De manera paralela a las marchas de protesta, los estudiantes, especialmente de Los Ángeles, realizaron huelgas en sus escuelas y se organizaron a partir de mensajes de texto, donde convocaban a sus compañeros. Allí fue cuajando un nueva forma de participación política.

Posterioremente fue por medio de email, Facebook, YouTube y Twitter que empezaron a comunicarse. Se organizaban ceremonias de graduación de la preparatoria donde los dreamers exigían su derecho a ingresar a la universidad al igual que sus otros compañeros. Vestidos con toga y birrete demandaban acceso a la educación superior sin tener que pagar colegiaturas como si fueran extranjeros, y todo se difundía en las redes sociales.

La desidia y la cerrazón de los políticos en Washington los obligaron a dar pasos arriesgados, a salir de la oscuridad en que por años habían vivido. Y algunos se manifestaron públicamente como estudiantes indocumentados, como jóvenes que lo único que querían era estudiar y ser americanos.

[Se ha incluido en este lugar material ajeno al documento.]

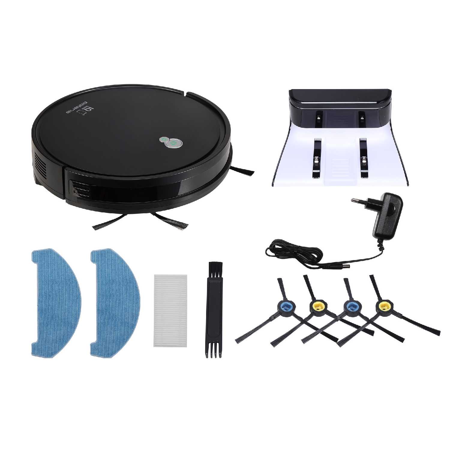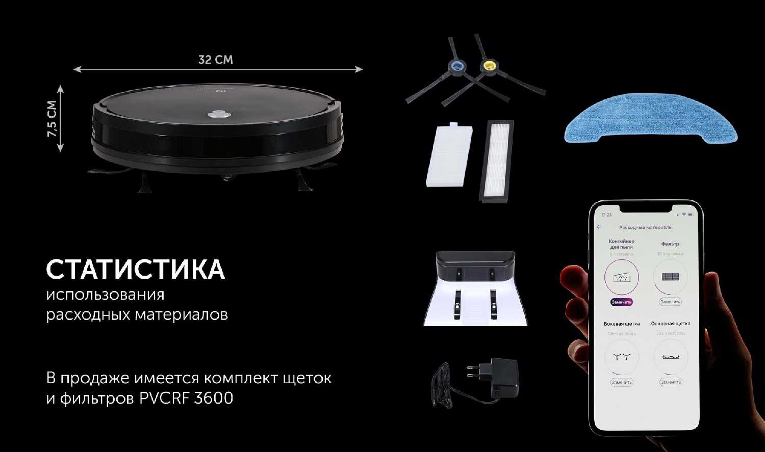 - Включает запасные фильтры, щетки, тряпки и батарейки для пульта.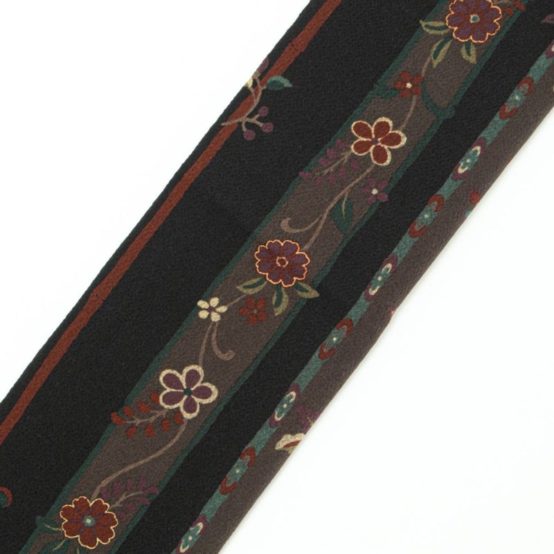 名古屋帯 縮緬 縞に花唐草文様 黒 赤 赤紫色 マルチカラー 九寸 正絹 リサイクル 18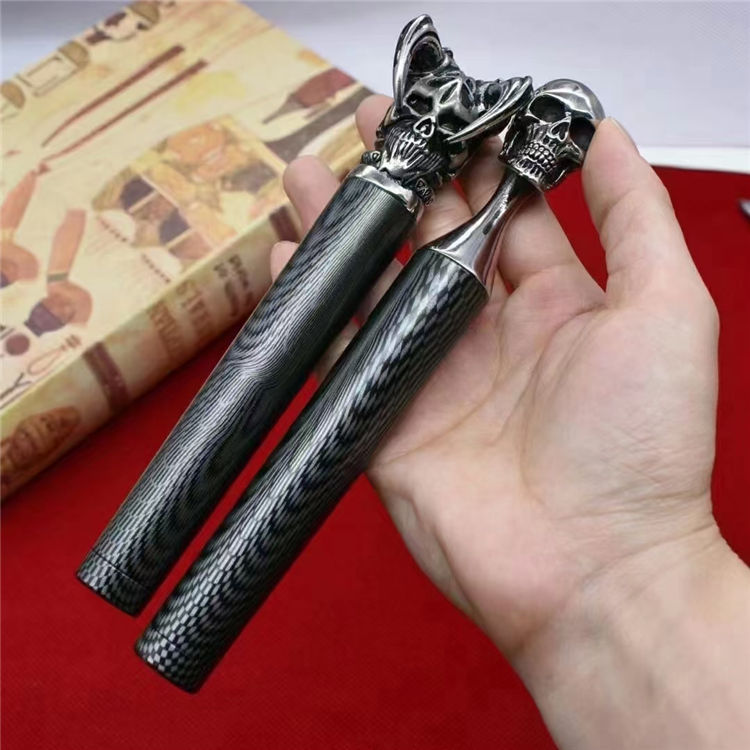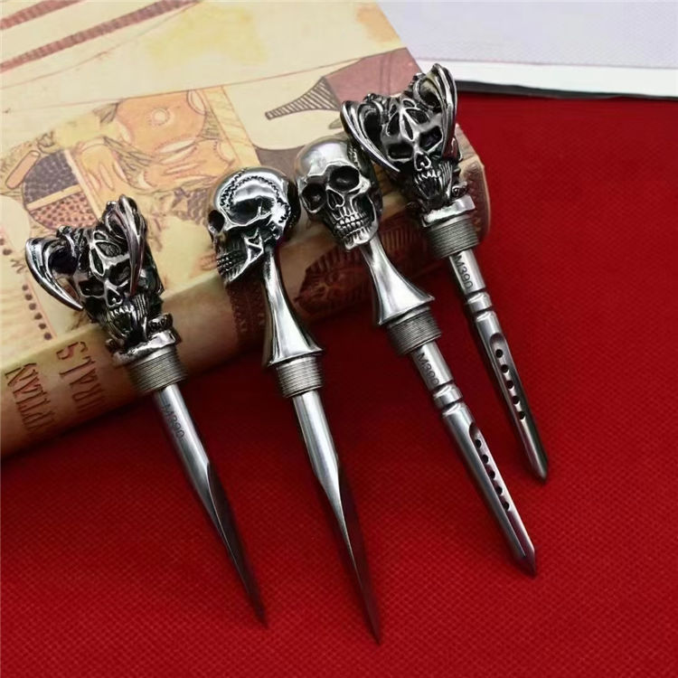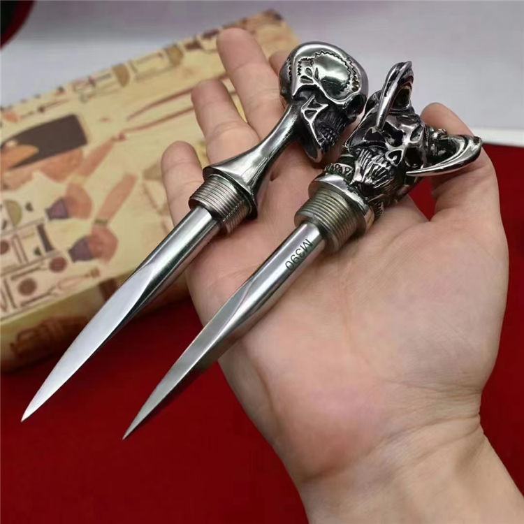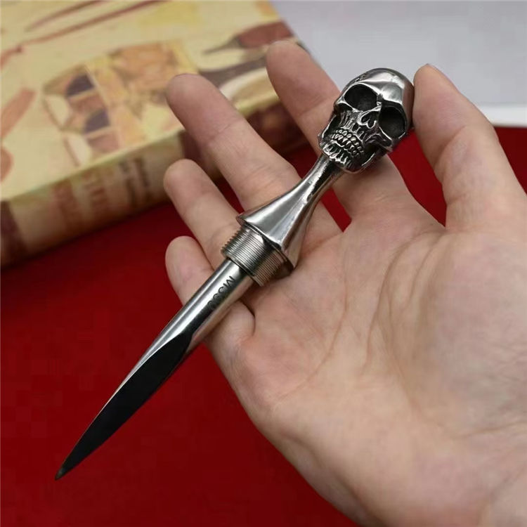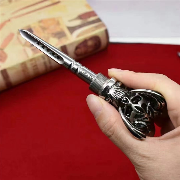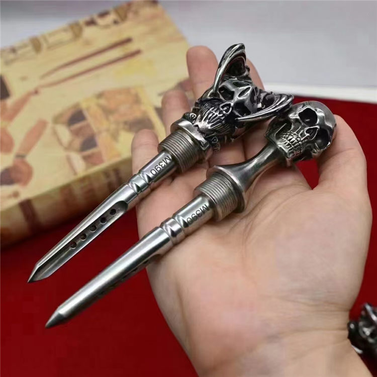 M390魔王三棱突击刺 全长:13.2CM 刃长:7.7CM 柄材:316不锈钢 硬度:61-62HRC真空热处理 刀鞘:T6航空铝 重量:217G

Quizá el caso más renombrado fue el del filipino José Antonio Vargas, quien fuera reportero del Washington Post y había ganado un premio Pulitzer por su trabajo periodísitico. Un día, Vargas decidió salir de las sombras y gritar a los cuatro vientos que era indocumentado, pero que al mismo tiempo también era americano. Su periódico se negó a publicar su confesión pública y las razones que lo habían conducido a esa situación. Pero el New York Times le difundió el texto como primicia. La vida en las sombras de cientos de miles de dreamers se hizo pública y Vargas pasó a ser uno de los principales activistas, que además contaba con gran acceso a los medios.

La causa del movimiento estudiantil tuvo respuesta en nueve estados que legislaron en su favor y el Dream Act empezó a multiplicarse, como una demanda justa, que no era atendida por Washington. Finalmente, el 25 de junio el presidente Obama ordenó al Departamento de Seguridad Nacional que detuviera la deporación de jóvenes que podían ser elegibles para un programa semejante al Dream Act.

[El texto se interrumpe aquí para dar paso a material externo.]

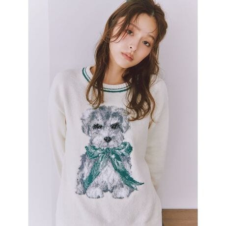 ふっくらとした優しい着心地のニットに、新木優子の愛犬でもあるシュナウザーのジャガードを入れたスペシャルなプルオーバー。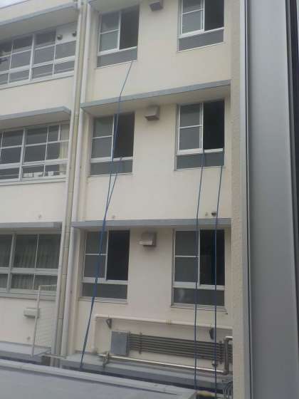 教室棟のトイレの窓から、外にホースが出ています。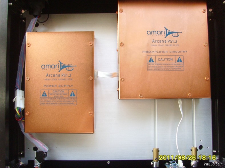 1、2009年11月购于原厂,实际使用100小时左右。外观很新,没有任何划痕,全铝机箱(不仅顶盖和底板,四面都是铝板制作,要打开顶板需要从底板上卸下螺丝,类似于美国“怀念”的做法),内部电源与主放大部分分离并施以铜盒屏蔽,主放大部分还用了橡胶垫材隔离底板震动;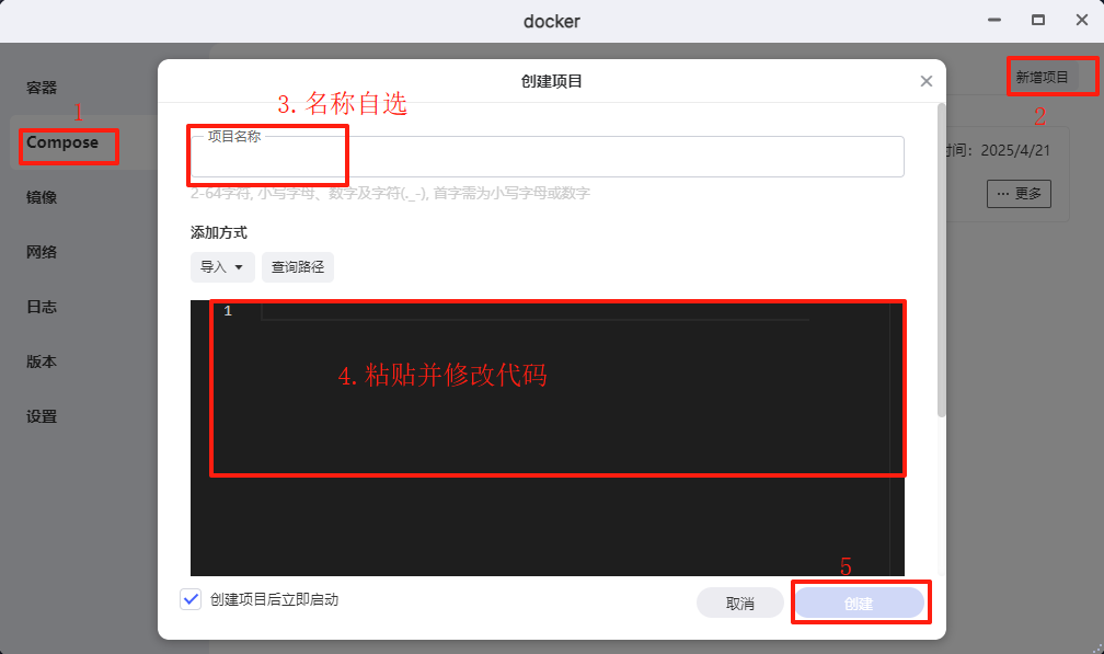 进入 Docker → Compose 菜单,点击右上角 新增项目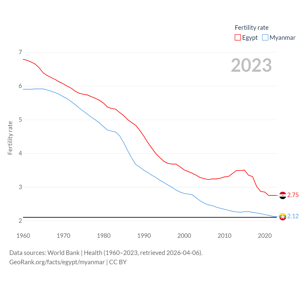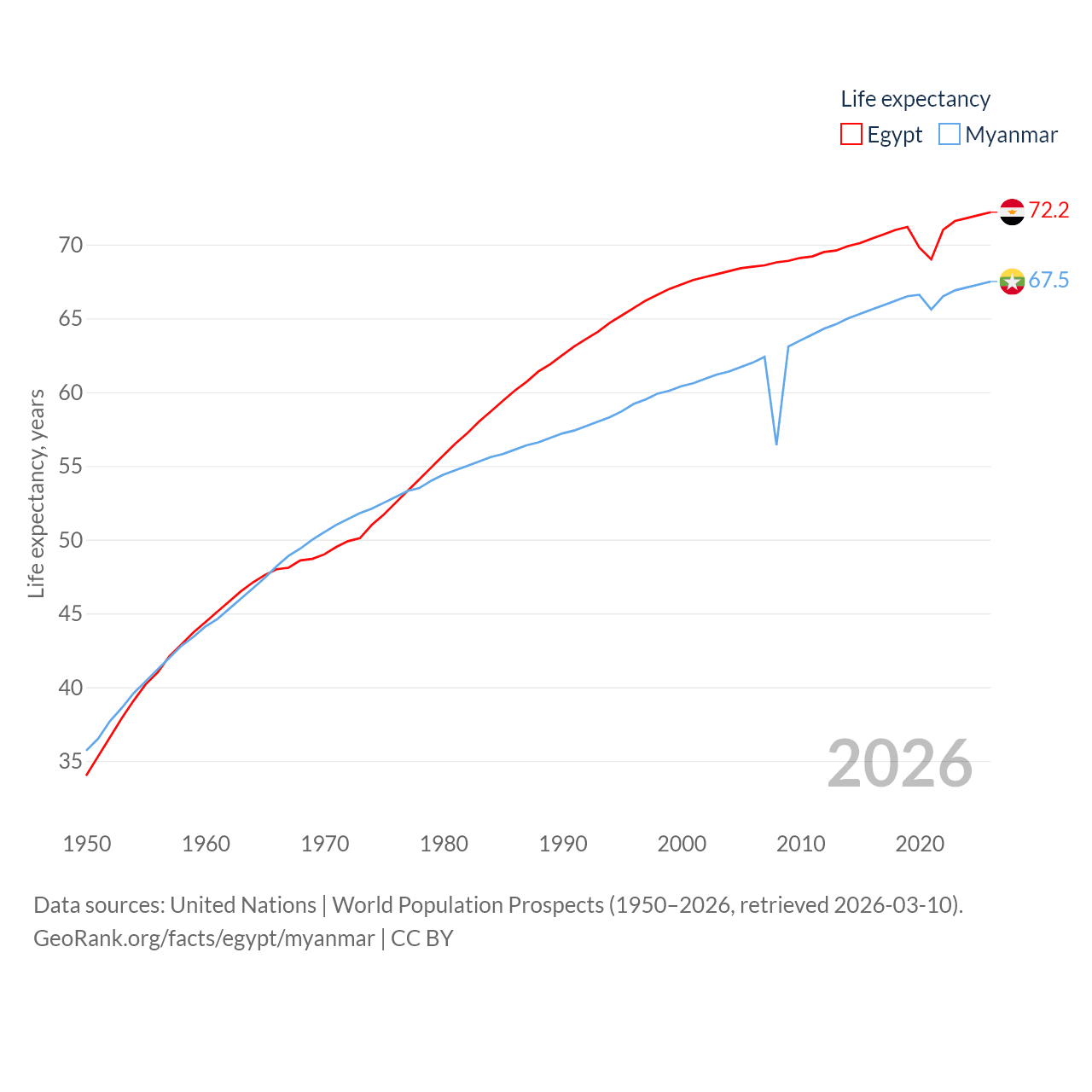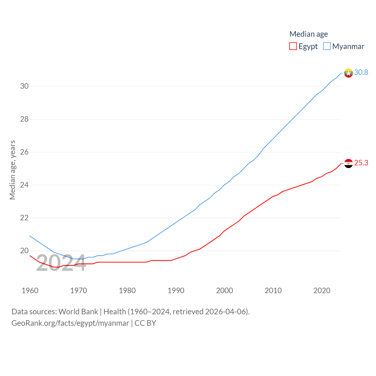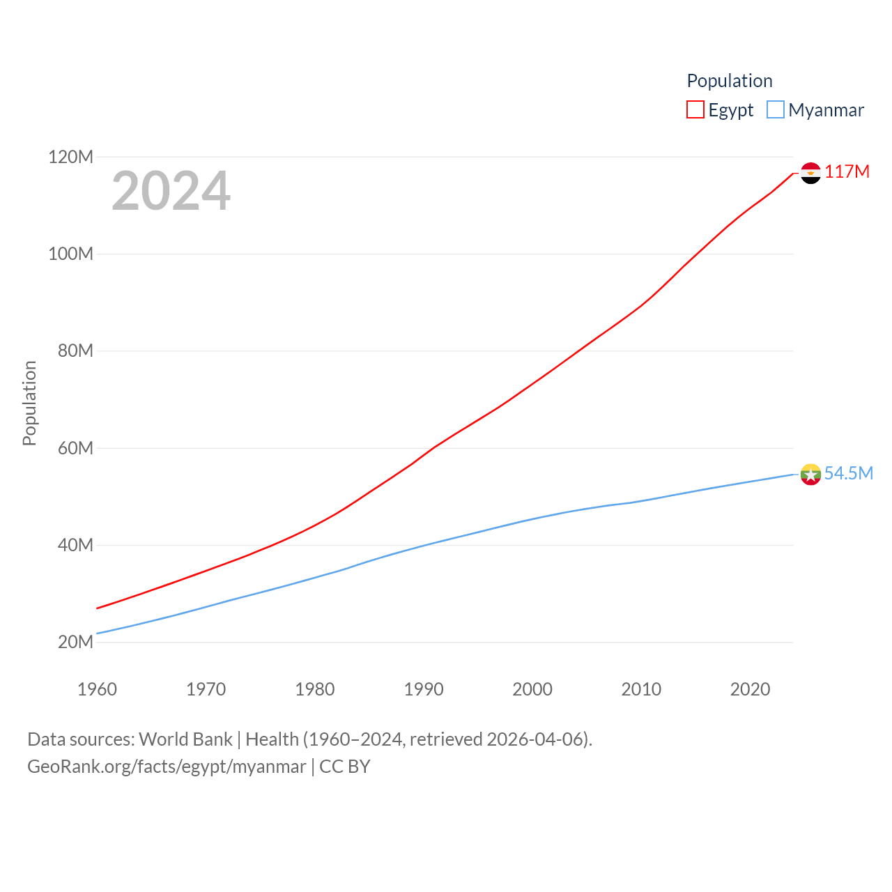 Egypt has a population of 117M (ranked 13/197), compared with 54.5M in Myanmar (ranked 27/197). Egypt's land area is 384,345 sq mi versus 251,997 sq mi for Myanmar (ranked 29th vs. 39th).

Se les otorga el beneficio de la Acción diferida, que permite a ciertos individuos vivir y trabajar en Estados Unidos por un tiempo. No es un estatus legal defintivo, simplemente se detiene la persecusión, se les permite trabajar y estudiar, demostrar que son buenos ciudadanos y que algún día podrán acceder a la regularización y posteriormente a la ciudadanía.

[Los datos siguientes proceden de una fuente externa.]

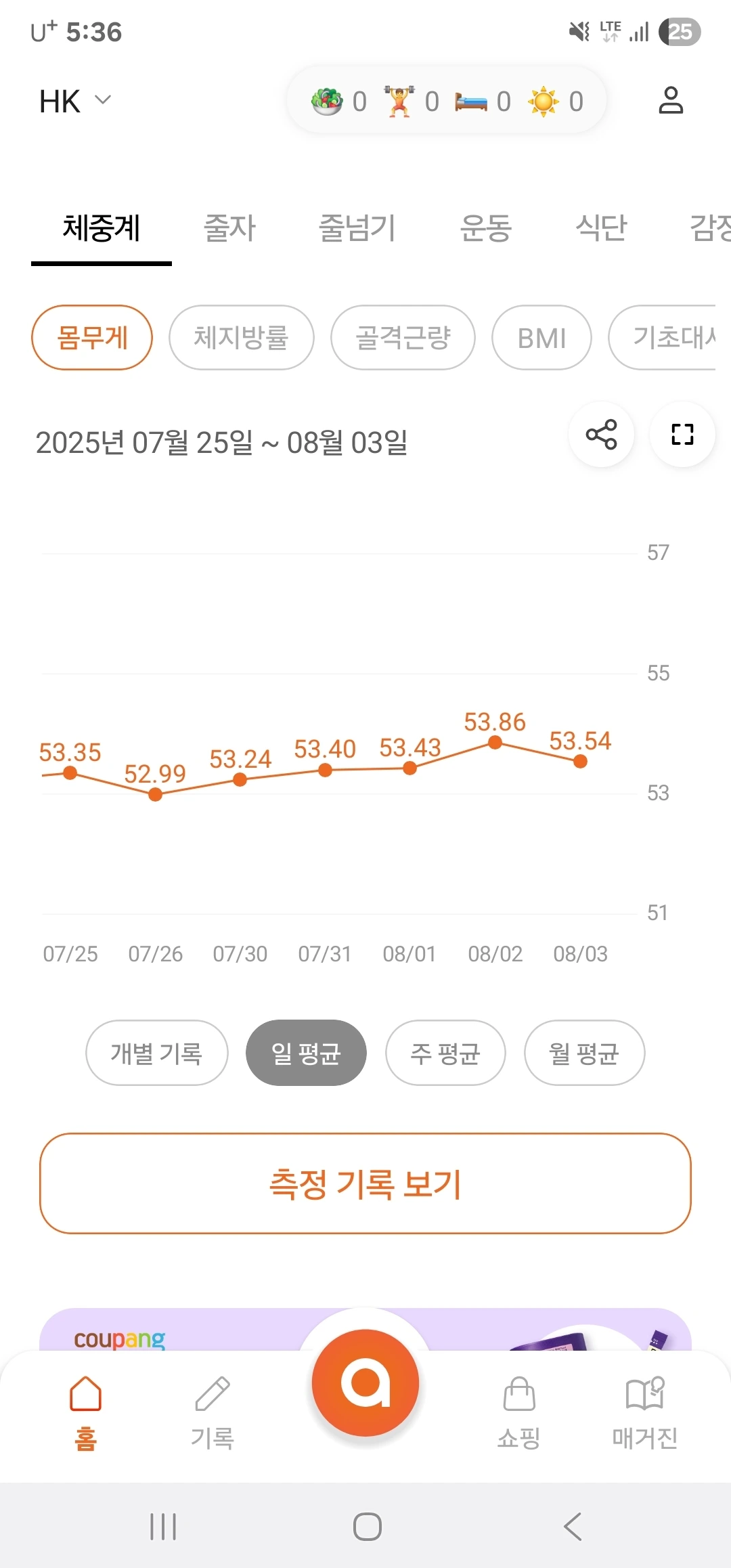 체중은 어제 올랐다가 다시 조금은 내려왔다

Las condiciones para poder ser elegibles son: tener menos de 31 años a partir de la promulgación del decreto (junio 2012), haber llegado a Estados Unidos antes de cumplir los 16 años, haber vivido ahí por lo menos cinco años y poder comprobarlo, no haber sido condenado por delito grave y no ser una amenaza para la seguridad nacional o la seguridad pública. Además deben graduarse de la preparatoria, haber obtenido el certificado llamado GED, cursar algunos años de universidad o ser veteranos de las fuerzas armadas o la guardia costera.

Finalmente, a cuarto para los 12, cuando le urgen los votos, Obama, ha dado dos pasos arriesgados y agigantados, que nos recuerdan al candidato que fuera y no al presidente que ha sido. Después de meditarlo mucho se decidió por aceptar el matrimonio entre homosexuales, que ya es legal en algunos estados. El otro paso ha sido actuar por decreto presidencial y poner en marcha el Dream Act. En ambos casos se enfrenta directamente al sector conservador estadunidense. Ha sido un juego electorero, pero más vale tarde que nunca.

El 25 de junio, Vargas y un grupo de dreamers salieron en la portada de la revista Time. Habían ganado una primera batalla; faltan muchas otras. Pero sin duda los jóvenes migrantes, entre ellos cientos de miles de mexicanos, han pasado a la historia y forman parte de una nueva fueza social que se expresa en la lucha del estudiantado chileno, en los indigados de España y Europa, los ocupas de Estados Unidos y ahora el movimiento estudiantil mexicano #YoSoy132.